The Native Title Act 1993 (Cth) (Native Title Act) confers various functions on representative Aboriginal/Torres Strait bodies (representative bodies), including the function of certifying applications to register area ILUAs relating to land and waters within their representative areas. In order to certify an ILUA registration application, the representative body must be satisfied that all reasonable efforts have been made to ensure that all persons who hold or may hold native title in relation to the land and waters covered by the proposed ILUA have been identified and that those persons have authorised the making of the agreement. Whether or not an ILUA registration application is certified by a representative body determines the process of objecting to registration and the matters the Native Title Registrar must consider in deciding whether to register the ILUA or refuse the application.
Quall concerned the exercise by the CEO of the Northern Land Council, which is a representative body, of the ILUA certification function, exercising power delegated to him by the Council. Mr Quall challenged the certification, arguing the Northern Land Council was not able to delegate its ILUA certification function, or that if it was able to, the particular delegation relied on in this instance was invalid.
The Full Court found that the certification function had a particular importance under the Native Title Act for reasons including that the registration of ILUAs can have long term impacts on the rights and interests of native title holders. This combined with the absence of an express power under the Native Title Act to delegate representative body functions, indicated that the Commonwealth Parliament intended that only representative bodies could perform this ILUA certification function. Accordingly, the Full Court held that the delegation to the Northern Land Council’s CEO was ineffective and that only the full membership of the Council could certify ILUAs. The decision created considerable uncertainty for representative bodies, because of the practical difficulty of convening a full meeting of bodies structured similarly to the Northern Land Council each time an ILUA is sought to be registered. In addition, the Full Court’s decision left unclear how representative bodies that are corporations, as opposed to statutory bodies, could perform the ILUA certification function. The uncertainty caused a number of representative bodies to cease performing the function at all.
On appeal, all five members of the High Court agreed that the Full Federal Court was incorrect, but the Court was divided on the reasons for that conclusion. The majority of the Court, consisting of Chief Justice Kiefel and Justices Gageler and Keane, considered that the Full Court went too far in deciding that representative bodies can never delegate the ILUA certification function. The majority said that the Full Court had relied on a superseded understanding of what a representative body is under the Native Title Act. While the original provisions had focused on representative bodies being representative of the Aboriginal and Torres Strait Islanders in the area, subsequent amendments to the Act had broadened the range of bodies eligible to become representative bodies. The Full Court also failed to consider the range of organisational structures and administrative processes which enable representative bodies to perform their functions.
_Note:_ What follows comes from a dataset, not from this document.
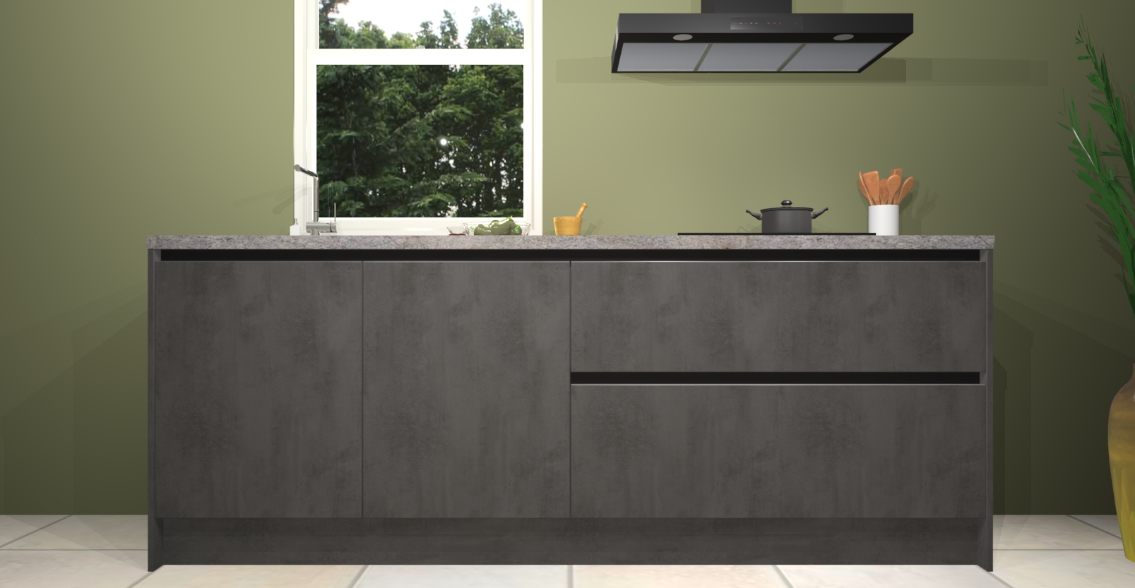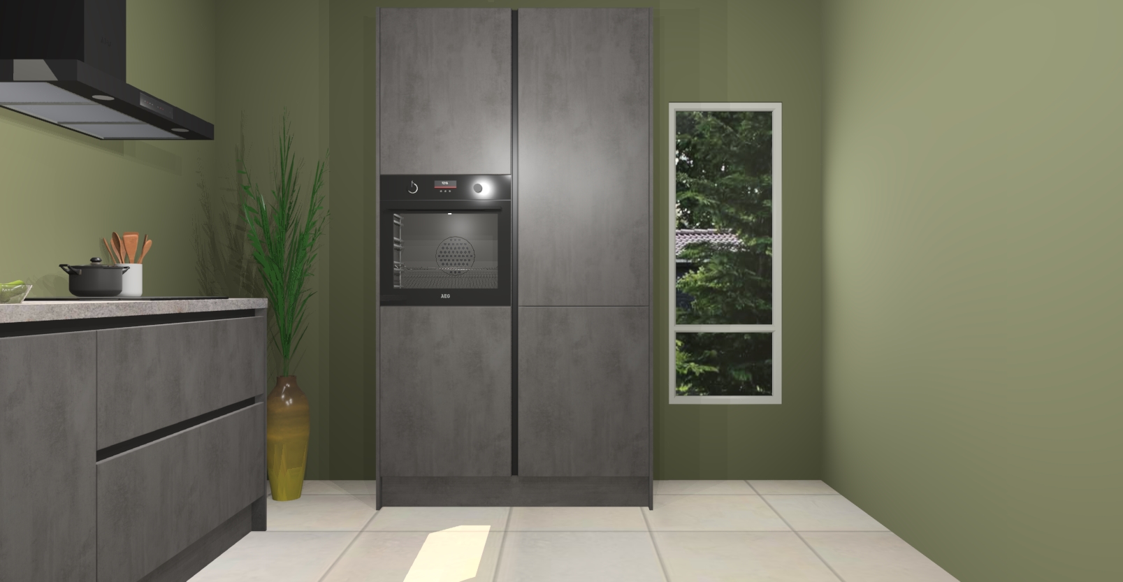 De Beton antraciet greeploze keuken Monaco heeft voldoende opbergruimte om uw keukenbenodigdheden georganiseerd en netjes te houden. Geniet van het gemak van de soft-close deuren, die deze stijlvolle look perfect afmaken. Maar dat is nog niet alles. Met de Beton antraciet greeploze keuken Monaco krijgt u maar liefst 5 ingebouwde apparaten: een oven, inductiekookplaat, afzuigkap, vaatwasser en koelkast. Deze kunnen gemakkelijk worden geüpgraded naar AEG als ze besteld zijn.

The sections of the Native Title Act that relate to the structures and processes of representative bodies indicate that the Commonwealth Parliament intended that those functions were to be able to be performed by persons at other levels within the organisation structure.
Importantly, however, the majority found that the Native Title Act itself does not provide the source of power for a representative body to delegate its functions. While the Act does not preclude the performance of delegated functions, the power to delegate must come from an external source. In the case of the Northern Land Council, the power to delegate was conferred under the Council’s establishing Act, the Aboriginal Land Rights (Northern Territory) Act 1976 (Cth).
Justices Nettle and Edelman agreed that the Northern Land Council could exercise the ILUA certification function through its CEO, but said this was on the basis that the CEO was acting as the Council’s agent, rather than its delegate.
The effect of the High Court’s decision is to clarify that for representative bodies that are statutory bodies corporate, the ILUA certification function can be delegated provided that it has an express power to delegate, whether under its establishing legislation or from some other source. While the majority of the High Court did not directly find that representative bodies that are corporations under the Corporations Act 2001 (Cth) or the Corporations (Aboriginal and Torres Strait Islander) Act 2006 (Cth) can perform the ILUA certification functions through their officers, it appears reasonable to infer from their reasons, as well as from the reasons of the minority, that this can occur.
The High Court’s decision hopefully opens the way for representative bodies to resume certifying ILUA registration applications, reducing some of the complexities that can otherwise arise in the registration process.
 Northern Land Council v Quall  HCA 33.